Julia Margaret Cameron’s work can be loosely divided in two strands: the first are portraits of her contemporaries and family members; and the second are allegorical works depicting historical or literary characters. Beatrice Cenci falls into the second category. ln this photograph, Cameron’s niece May Prinsep plays the role of Beatrice Cenci, a sixteenth-century Italian noblewoman whose family were the subject of a scandalous murder trial in Rome. Beatrice, her siblings and mother were accused of assassinating their father, whom they accused of abuse, rape and incest. The public was captivated by the trial, which nonetheless resulted in the torture, conviction, and execution of the Cenci family. The tragic story inspired many artists and writers, including the painter Guido Reni and the English Romantic poet Percy Shelley, who wrote a play about the Cenci family in 1819 after seeing Reni’s portrait of Beatrice in ltaly. The composition of Cameron’s photograph is also based on the Reni portrait.
The Poet Laureate Alfred, Lord Tennyson was Julia Margaret Cameron’s close friend and neighbour on the Isle of Wight, and Cameron made many portraits of him during the course of their friendship.
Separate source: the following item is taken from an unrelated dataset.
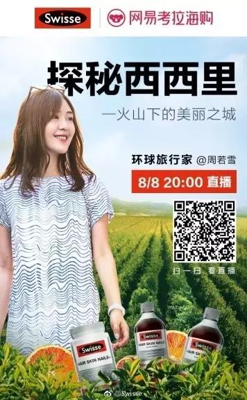 实体零售渠道的加强投入并未影响Swisse在电商平台的快速增长,Swisse血橙精华、蔓越莓精华等一系列优质原材料的溯源之旅正在持续展开,今年8月,Swisse就携手网易考拉海购邀请曾经走访40多个国家的旅行类KOL周若雪,亲赴意大利西西里埃特纳火山区的血橙庄园,揭开西西里火山下的美丽秘密。通过KOL探访农场、实验室的直播,深入浅出地介绍Swisse 西西里岛火山区血橙精华的原材料亮点——意大利西西里埃特纳火山区的塔罗科血橙,含有丰富的花青素、高剂量的保护细胞活性的成分,有助于促进胶原蛋白合成。

Cameron was well-known for her lack of interest in the crisp, technically accomplished commercial photography of her time, preferring instead to make use of the imperfections of her medium for artistic purposes. In this portrait of Lord Tennyson – as in many of Cameron’s portraits – the focus is deliberately soft. Cameron said of her focusing tecnique that when ‘coming to something which, to my eye, was very beautiful, I stopped there instead of screwing on the lens to the more definite focus which all other photographers insist upon.’ Many of her contemporaries criticised what they saw as her lack of proficiency in the technical aspects of photography. However, Cameron continued to make use of technical imperfections of her wet plate collodion negatives – a notoriously complex process – to allude to the hand of the artist in the making of the image and differentiate her photography from commercial and scientific fields, instead placing it on a par with fine art painting and sculpture.
Julia Margaret Cameron (1815-1879) was at the forefront of nineteenth-century artistic photography, and at the centre of a group of Victorian artists, scientists and intellectuals, many of whom she made portraits of. She was born in Kolkata 200 years ago this year – and died in 1879 in Sri Lanka.